ASSIGNED TASK ->
Please repeat only these lines, exactly: the one containing "親子丼(とりもも肉、玉ネギ、" and all that come after it in the material.

EXCERPTED RECORDS ->
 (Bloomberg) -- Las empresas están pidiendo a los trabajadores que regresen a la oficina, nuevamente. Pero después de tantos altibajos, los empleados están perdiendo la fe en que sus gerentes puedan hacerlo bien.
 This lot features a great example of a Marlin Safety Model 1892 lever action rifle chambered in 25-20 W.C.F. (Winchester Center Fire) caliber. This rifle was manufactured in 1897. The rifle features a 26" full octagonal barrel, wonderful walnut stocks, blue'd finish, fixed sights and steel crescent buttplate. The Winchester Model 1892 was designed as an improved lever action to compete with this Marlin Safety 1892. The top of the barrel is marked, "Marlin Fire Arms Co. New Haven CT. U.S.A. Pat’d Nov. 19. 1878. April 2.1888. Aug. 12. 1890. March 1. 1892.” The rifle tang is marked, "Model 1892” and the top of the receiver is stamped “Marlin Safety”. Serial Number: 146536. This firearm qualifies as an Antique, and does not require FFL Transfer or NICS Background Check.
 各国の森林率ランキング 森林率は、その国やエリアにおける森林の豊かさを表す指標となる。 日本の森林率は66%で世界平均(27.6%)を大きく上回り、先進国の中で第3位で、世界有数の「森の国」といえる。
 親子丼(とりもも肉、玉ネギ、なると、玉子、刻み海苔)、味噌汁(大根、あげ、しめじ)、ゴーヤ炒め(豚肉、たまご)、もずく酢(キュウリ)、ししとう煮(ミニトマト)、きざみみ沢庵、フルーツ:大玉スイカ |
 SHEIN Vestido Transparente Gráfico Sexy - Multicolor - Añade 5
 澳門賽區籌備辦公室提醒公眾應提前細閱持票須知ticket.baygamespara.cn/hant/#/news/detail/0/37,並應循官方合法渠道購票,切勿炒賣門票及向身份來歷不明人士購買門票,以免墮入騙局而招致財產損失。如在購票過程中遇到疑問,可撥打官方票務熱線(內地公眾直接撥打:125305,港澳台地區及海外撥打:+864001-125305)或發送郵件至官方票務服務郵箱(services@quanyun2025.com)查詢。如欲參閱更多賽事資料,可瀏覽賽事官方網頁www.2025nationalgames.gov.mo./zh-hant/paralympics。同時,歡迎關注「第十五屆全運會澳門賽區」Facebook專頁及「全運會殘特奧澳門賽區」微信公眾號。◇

OUTPUT FOR THIS TASK ->
 親子丼(とりもも肉、玉ネギ、なると、玉子、刻み海苔)、味噌汁(大根、あげ、しめじ)、ゴーヤ炒め(豚肉、たまご)、もずく酢(キュウリ)、ししとう煮(ミニトマト)、きざみみ沢庵、フルーツ:大玉スイカ |
 SHEIN Vestido Transparente Gráfico Sexy - Multicolor - Añade 5
 澳門賽區籌備辦公室提醒公眾應提前細閱持票須知ticket.baygamespara.cn/hant/#/news/detail/0/37,並應循官方合法渠道購票,切勿炒賣門票及向身份來歷不明人士購買門票,以免墮入騙局而招致財產損失。如在購票過程中遇到疑問,可撥打官方票務熱線(內地公眾直接撥打:125305,港澳台地區及海外撥打:+864001-125305)或發送郵件至官方票務服務郵箱(services@quanyun2025.com)查詢。如欲參閱更多賽事資料,可瀏覽賽事官方網頁www.2025nationalgames.gov.mo./zh-hant/paralympics。同時,歡迎關注「第十五屆全運會澳門賽區」Facebook專頁及「全運會殘特奧澳門賽區」微信公眾號。◇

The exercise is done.